Медлительность британского правительства в исполнении актов справедливости по отношению к Соединенным Штатам и нынешняя очевидная нерешительность в ратификации договора озаботили Вашингтона, поскольку эта кажущаяся недружелюбность использовалась оппозицией в качестве оружия. В связи с этим ближе к концу года он попытался неофициальным путем напомнить тому правительству о его долге через Гаузевера Морриса, который, сменившись мистером Монро на посту министра во французской республике, находился теперь в Англии и поддерживал весьма близкие отношения с лордом Гренвилем и другими министрами, а также членами тайного совета. В письме к Моррису от двадцать второго декабря, подробно изложив причины жалоб на британское правительство, Вашингтон заявил:

«Я сообщаю вам эти детали (и если вы снова будете беседовать с лордом Гренвилем на этот предмет, вы вольны неофициально упомянуть их или любые из них в зависимости от обстоятельств) в качестве свидетельств неразумного поведения британского правительства по отношению к этим Соединенным Штатам, дабы было видно, как трудно было исполнительной власти при таком нагромождении раздражающих обстоятельств сохранять занятую позицию нейтралитета; и в то время, когда воспоминания об оказанной нам Францией во время Революции помощи были свежи в каждом уму, и пока приверженцы этой страны постоянно противопоставляли привязанность того народа недружелюбному настрою британского правительства. И к тому же, как я уже отмечал ранее, пока собственные страдания во время войны с последним не были забыты.
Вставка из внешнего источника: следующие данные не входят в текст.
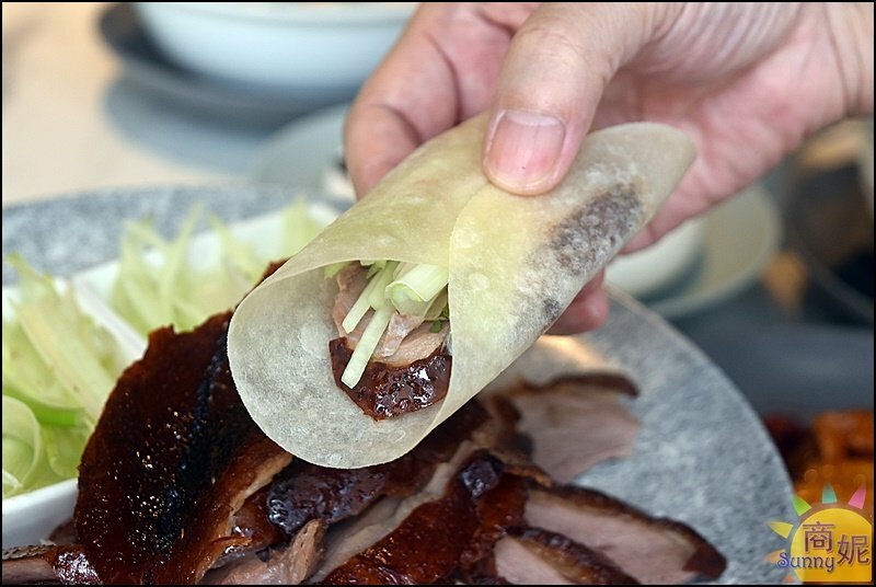 享鴨的烤鴨麵皮也跟一般烤鴨餐廳不太一樣,麵皮比較薄、整個尺寸也比較小,包捲鴨片剛剛好一口大小方便食用。

Хорошо известно, что мир был (если заимствовать современное выражение) главным приоритетом для меня с самого начала беспорядков в Европе. Моя политика заключалась и будет продолжаться до тех пор, пока я имею честь оставаться у власти, в том, чтобы поддерживать дружественные отношения со всеми нациями мира, оставаясь при этом независимым от них; не вмешиваться ни в чьи распри; выполнять собственные обязательства; удовлетворять потребности всех и быть перевозчиком для них, будучи глубоко убежденным, что в этом заключаются наша политика и интересы. Ничто иное, кроме самоуважения и той справедливости, которая столь важна для национального характера, не должно втягивать нас в войну; ибо я твердо уверен, что если эта страна сохранится в состоянии спокойствия еще двадцать лет, она сможет в своем праведном курсе бросить вызов любой державе без исключения; таковы будут за это время ее численность населения, богатство и ресурсы...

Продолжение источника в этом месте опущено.